Additionally, as mentioned earlier there is also variance associated with each inferred skill which reflects our statistical uncertainty in the estimation. An this uncertainty is (naturally) very high, due to the low number of fights each fighter has (unlike say chess, where the number of games can be in the thousands for a competitor). This is illustrated by the following chart, where we plot 95% confidence intervals around the mean for fighters often considered to be the top 3 of all time.As can be seen, the intervals are fairly wide and overlapping. What this means is that while Jones has the highest average skill given the match outcomes, we cannot conclude with absolute certainty that his skill level is above the other top ranked fighters, simply that it is likely to be the case.

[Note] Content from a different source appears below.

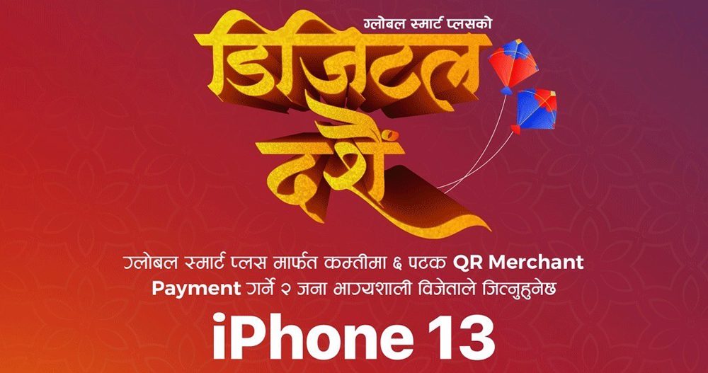 असोज १ देखि महिनाभर चल्ने यो अभियानअन्तर्गत ग्लोबल स्मार्ट प्लसबाट क्यूआरमार्फत कारोबार गरी सामान खरिद गर्दा यस अभियानको अन्त्यमा गोलाप्रथा मार्फत २ जना भाग्यशाली ग्राहकहरुलाई आइफोन १३ प्रदान गरिनेछ ।

And indeed, a slight underperfomance in one of his fights (such a loss to Gustafsson) would have changed the rankings drastically, showing how fragile the ranking estimation actually is. This all boils down to the fact that since the number of fights of a typical competitor is fairly small and there is a lot of “luck” involved, small mistakes making large changes in the overall picture. And our model is well able to capture and quantify this uncertainty.

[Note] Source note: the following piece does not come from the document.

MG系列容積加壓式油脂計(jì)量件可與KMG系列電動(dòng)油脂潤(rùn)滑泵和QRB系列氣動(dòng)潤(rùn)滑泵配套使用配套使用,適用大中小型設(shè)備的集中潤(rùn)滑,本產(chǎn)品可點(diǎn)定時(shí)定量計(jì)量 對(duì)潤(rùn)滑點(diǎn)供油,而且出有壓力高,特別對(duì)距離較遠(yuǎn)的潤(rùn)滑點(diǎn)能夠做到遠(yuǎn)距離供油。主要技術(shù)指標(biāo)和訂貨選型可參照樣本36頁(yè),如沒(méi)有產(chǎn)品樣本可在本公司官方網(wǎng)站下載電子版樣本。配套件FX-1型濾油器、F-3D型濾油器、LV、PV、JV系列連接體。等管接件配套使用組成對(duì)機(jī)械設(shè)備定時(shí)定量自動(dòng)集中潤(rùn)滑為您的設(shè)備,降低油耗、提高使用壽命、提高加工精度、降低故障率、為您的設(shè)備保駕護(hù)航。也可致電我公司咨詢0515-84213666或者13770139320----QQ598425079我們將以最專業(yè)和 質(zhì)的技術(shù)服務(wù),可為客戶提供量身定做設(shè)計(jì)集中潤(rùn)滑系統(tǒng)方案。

Where is Demetrious Johsnon?
Many consider the long-reigning flyweight champion Demetrious Johnson to be among the all time best, so him not being in top 10 statstically is somewhat surprising. Looking at the data further, the main reason for this seems to be overall competition, which surprisingly seems slightly weaker in the division. For example, his oppponents’ and their opponents’ combined win percentage is 62.9%. For comparison Chris Weidman’s opponents and their opponents win ratio is 64.6%, for McGregor it is 64.1% . This translates to Demetrious’s opponents ranking be on average lower than the opponents of the fighters in the top 10, in turn translating to his score being lower.
Summary
Bayesian inference provides an excellent toolset for inferring hidden parameters in the data, especially when the amount of data to draw conclusions on is small. As a result it is especially useful in a setting such as reasoning about the skill levels of top MMA competitors. Based on the available data, Jon Jones is the best ever from a statistical perspective. But it has to be kept in mind that the variance (uncertainty) in the estimates is very high and small changes in the data, such as one win or loss, can significantly alter the rankings. And this reflects the real world intuition well: a loss or two can easily change the perception of the fighter in the list of all time greats.
The code for the model to replicate the results or develop it further can be found at Github.